No questions, just wanted to say thank you for helping to make gamedev actually fun again. I had no idea raylib existed till now. Unity and Unreal Engine have formed such a depressing monoculture that it’s no wonder gamedev has gone out of fashion in the last decade, and projects like yours help to rekindle it.

Oh, one question, I was hoping to convert a bunch of models to raylib’s format. Right now my exporter goes from Heroes of Newerth format to Collada. What would be the best way to import from there into raylib? (They’re rigged character meshes with 15+ animations for each, so it’s a bit tricky since there’s no universal simple format like obj.)


Thank you very much! Glad you enjoy raylib!

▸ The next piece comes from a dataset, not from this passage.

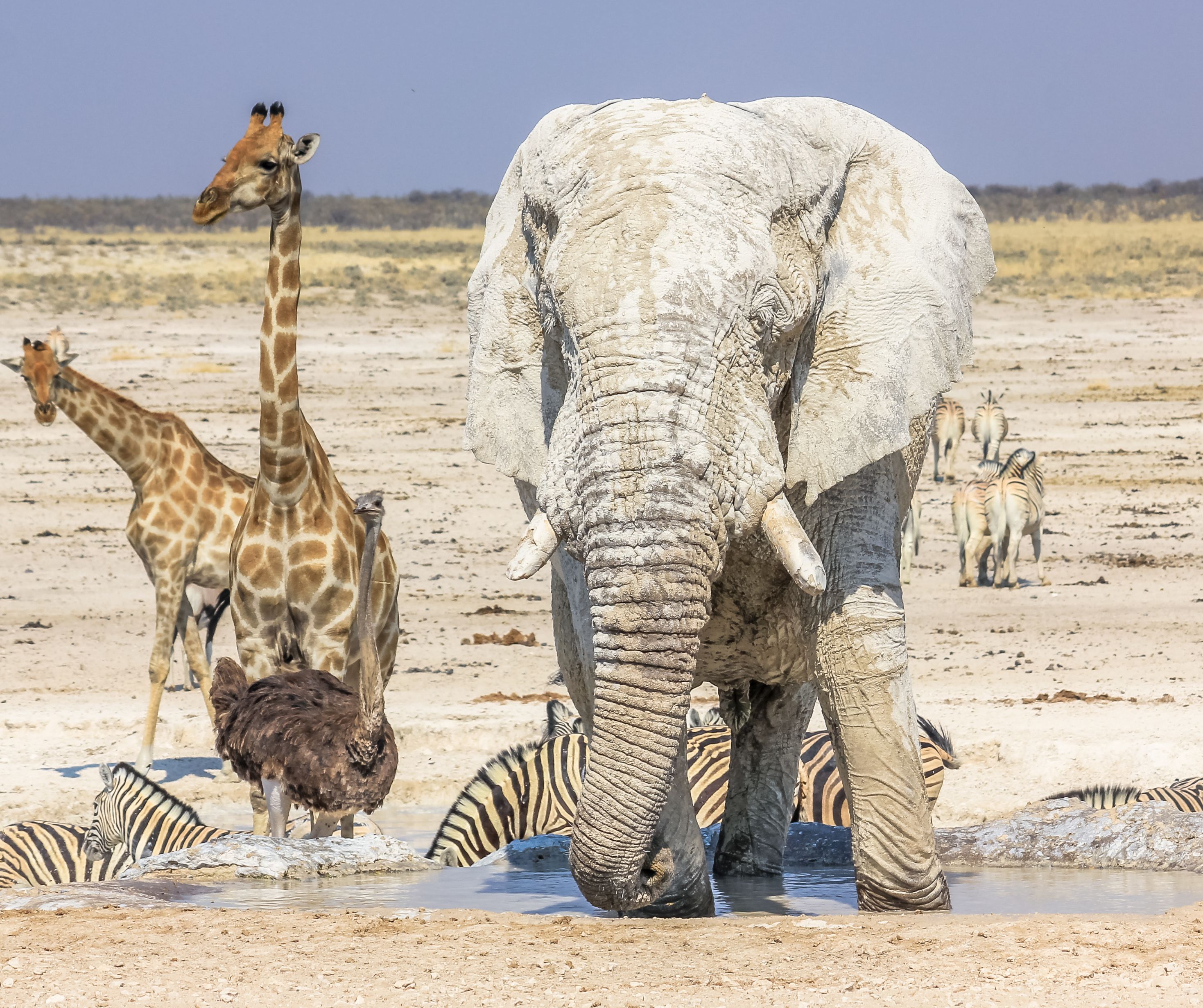 Tego dnia będziemy kontynuować zwiedzanie parku, aby mieć okazję fotografowania dzikiej zwierzyny. Etosza to najsłynniejszy park Namibii, zajmuje rozległy, równinny i dość suchy teren. Występują w nim wszystkie zwierzęta tzw. „Wielkiej Piątki”. Centralną część parku stanowi rozległe solnisko, które w porze deszczowej zmienia się w jezioro opanowane przez flamingi. Fotografowanie i „pogoń” za różnymi gatunkami zwierząt. Po południu powrót do lodży i czas na relaks i kąpiel w basenie. Kolacja i nocleg w okolicach Etoszy.
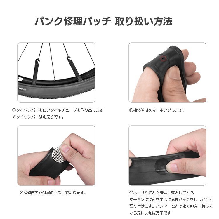 ※出品物は修理用パッチのみとなり、付属品記載の内容以外のその他の物は付属しません※すべてのタイヤ・チューブへの圧着、機能の保証は御座いません、材質により剥がれやすい場合があります。

I know it's not that popular like the big engines but, actually, next month raylib will be 10 years old! :D

raylib supports several 3d model formats (obj, gltf/glb, iqm, m3d, vox), I think Blender has exporters for most of them. Note that some formats support must be enabled in raylib/src/config.h file!


Okay, I’ll try converting the meshes to iqm. Thanks.

I edited in some context — they’re rigged character meshes with animations, so a few formats are unusable here (like obj) since it can’t handle skeletons. Would you guess that iqm is the best one to look into out of the ones you listed? Otherwise I guess I’ll buckle up and look at all of them.

(Kind of sheepish that the only formats I’ve heard of are obj and m3d…)


Not author but if you're sharing these assets, distributing them in the gltf (json/ascii, not binary) format is really helpful, as it seems to quite easily be imported into tools like blender and threejs.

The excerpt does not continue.